Мать внушила мне, чтобы не говорил отцу про браслет и золотые червонцы, обещала за это скрыть, что я был неслухом.

Я раскладывал царские деньги на ступеньках. Едва отец подошел к крыльцу, он быстро сгреб деньги со ступенек, а те, что были у меня в руках, вырвал. Потом он резал их, сидя на крыльце в сатиновой косоворотке и суконных галифе. Звонко лязгали овечьи ножницы. Я канючил:

– Отдай, не ты нашел.

Мать поддерживала меня:

– И так мальчонке нечем играть.

Он еще злей жулькал расходящиеся в пальцах овечьи ножницы, говорил, что какой-нибудь гад может пустить клевету: вишь, мол, Анисимов хранит старые деньги, стало быть, ждет, что на российский трон опять сядет император. Когда лезвия ножниц расхватили стотысячную ассигнацию, на которой красовалась большеволосая царица, я затрясся:

– Дурак. Дураковский… Найди сперва…

Он ударил меня по щеке.

Я забыл, как в поисках ночлега мы колесили по Железнодольску с горы на гору, ненадолго задерживаясь во впадинах, где примостились барачные участки. В земляночных «шанхаях», лепившихся на отшибе, по склонам гор, не останавливались: еще на въезде в Железнодольск наслышались о том, что по ночам в них грабят, убивают, крадут скотину. Я забыл, как просил мать вернуться в Ершовку: там кого угодно примут в любой избе и лошадь не уведут. Перерушев внушал моей матери, что надо слушать детишек: они всегда говорят истинную правду.

Допоздна наш рыдван стоял около девятнадцатого барака по Уральской улице. Моросило. Перерушев никому не позволял приближаться к повозке, грозясь винтовкой. Пьяная цыганка, покачиваясь поодаль, упрашивала, чтоб позволили ей поворожить; он отшучивался: не по чему гадать – ладонь не видно, темно, как у сома в брюхе, да и сам он горазд сучить выдумки, в пять минут целый моток насучит. Она отвязалась и ушла в табор, разбитый за бараком, на пустыре близ конного двора.

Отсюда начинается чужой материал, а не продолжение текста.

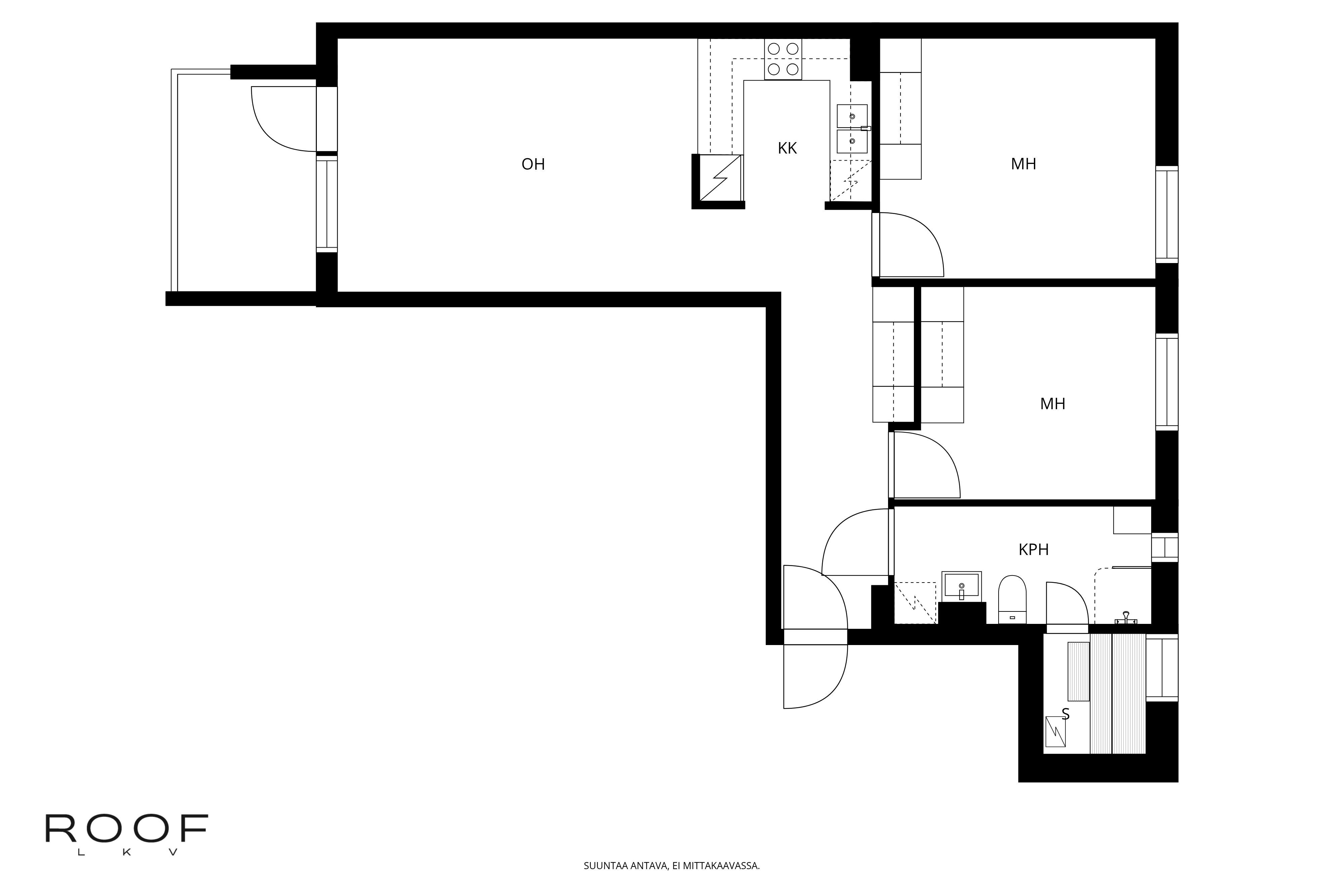 - Isännöitsijäntodistuksen mukainen, (Pinta-ala ei ole tarkistusmitattu ja todellinen pinta-ala voi olla suurempi tai pienempi, kuin ilmoitettu)

Все это я узнал от матери и Перерушева. Первый день в городе истаял у меня в глазах, от ночи остались пляшущие у таборных костров цыганята и знойные отсветы на крыше барака, политой по толю стекловидно-черной смолой.

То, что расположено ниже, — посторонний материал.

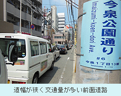 さらに、「園まで安全に通園できる歩行空間を確保することにした」とあるが、現時点における安全対策の内容を市担当部署(中央区)に確認したところ、前面道路が国体道路に交わる直前の幅4.6メートルと最も狭くなる部分については、電柱を移設するものの、「歩道を設置せず、路側カラーで対応」することが決定事項であるという。この4.6メートル部分は、前出の「ベビーカーを押しているときには...」と説明された箇所。この点、市長ブログでも画像によってはっきり示されている。路側カラーとは、路側帯を緑色に塗ることであり、断じて歩道になるということではない。司法関係者によると、万が一、この部分で事故が発生した場合、法律上は『車道上での事故』として扱われてしまうという。

Куда делся Перерушев с мокрой Чирушкой и как мы очутились в комнате Додоновых, я тоже забыл. Зато я помню первое пробуждение в девятнадцатом бараке. Я на полу, бок о бок с матерью. Лежу на спине, а мать на животе, лбом в руки, ноги вразброс. Надо мной кисти скатерти. Где-то за этой скатертью шепоток – детский вперемежку со взрослым. Поворачиваюсь. Сквозь нитяные кисти вижу свесившихся с кроватей в подстольный полумрак двух девочек: одна с челкой до ресниц и со щелью меж верхними зубами, другая – крапчатый нос и выпуклые глаза. Девочка с челкой заулыбалась и кончиком языка заткнула щель меж зубами. Я не любил девчонок, но эта мне понравилась: смешно затыкала языком широкую щербину. Девчонка поменьше прищурилась, как старуха, выпятила нижнюю губу и противно скуксилась. Я растерялся. Никто из ершовских девчонок не осмеливался дразнить меня так нахально. Я просунул под скатерть кулак и сразу отдернул: засмеялись дядька и тетенька. Я засопел от обиды.

Девчоночье изголовье находилось по правую сторону стола, изголовье взрослых – по левую. Прилаживаясь к дырочкам в скатерти, я следил за тетенькой и дядькой. Он, как дочки, свесился под стол, молча кивал мне с улыбкой, но и с опаской, что забоюсь его, будто я был грудным, беспонятливым ребенком.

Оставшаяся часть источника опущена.